*** Opening of INPUT RECORDS ***

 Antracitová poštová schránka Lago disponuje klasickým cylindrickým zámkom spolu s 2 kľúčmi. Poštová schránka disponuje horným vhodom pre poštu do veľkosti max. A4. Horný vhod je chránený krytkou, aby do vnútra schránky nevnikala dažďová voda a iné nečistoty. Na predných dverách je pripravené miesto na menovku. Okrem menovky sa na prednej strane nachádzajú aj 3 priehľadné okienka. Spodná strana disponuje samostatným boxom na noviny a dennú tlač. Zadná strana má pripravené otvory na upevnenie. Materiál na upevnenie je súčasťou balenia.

*** Close of INPUT RECORDS ***
*** Opening of INPUT RECORDS ***

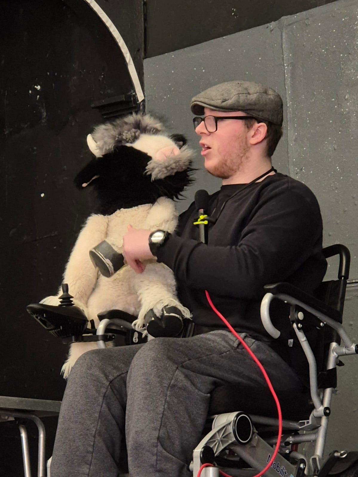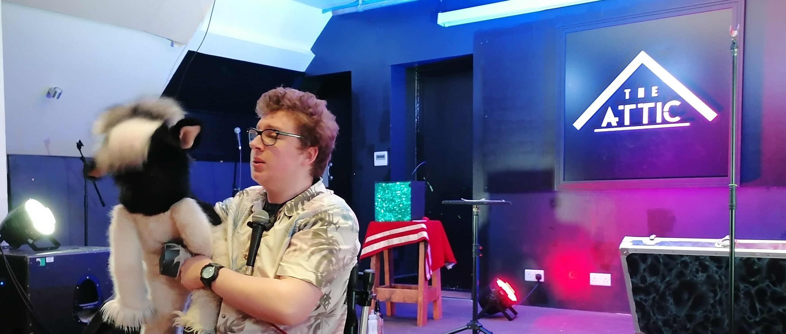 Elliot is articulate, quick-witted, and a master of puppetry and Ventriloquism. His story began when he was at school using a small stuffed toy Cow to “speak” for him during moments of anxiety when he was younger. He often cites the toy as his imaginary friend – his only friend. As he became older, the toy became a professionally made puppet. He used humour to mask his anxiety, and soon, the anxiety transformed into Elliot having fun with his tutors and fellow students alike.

*** Close of INPUT RECORDS ***
*** Opening of INPUT RECORDS ***

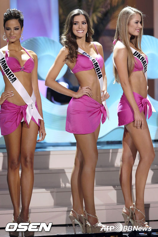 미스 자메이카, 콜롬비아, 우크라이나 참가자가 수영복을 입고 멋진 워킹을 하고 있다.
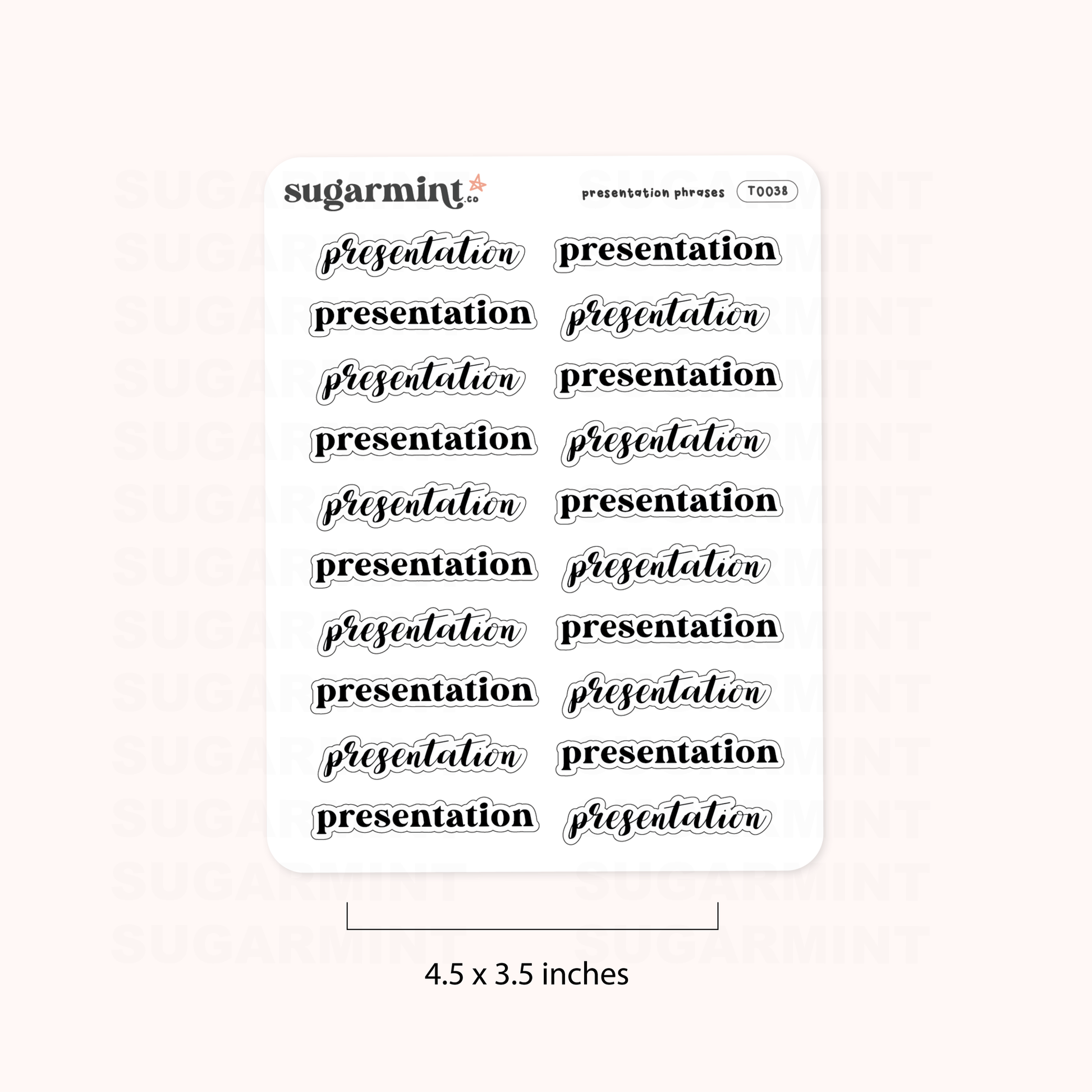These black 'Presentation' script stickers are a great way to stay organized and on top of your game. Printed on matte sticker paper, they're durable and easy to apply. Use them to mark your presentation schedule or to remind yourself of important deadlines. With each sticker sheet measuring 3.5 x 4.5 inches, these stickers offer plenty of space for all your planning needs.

*** Close of INPUT RECORDS ***

EXERCISE DIRECTIONS → Everything above from the line containing "미스 자메이카, 콜롬비아, 우크라이나" down to the line containing "These black 'Presentation'" is to be duplicated exactly, both lines included, and the pictures are to be omitted.

EXERCISE RESPONSE →
 미스 자메이카, 콜롬비아, 우크라이나 참가자가 수영복을 입고 멋진 워킹을 하고 있다.
These black 'Presentation' script stickers are a great way to stay organized and on top of your game. Printed on matte sticker paper, they're durable and easy to apply. Use them to mark your presentation schedule or to remind yourself of important deadlines. With each sticker sheet measuring 3.5 x 4.5 inches, these stickers offer plenty of space for all your planning needs.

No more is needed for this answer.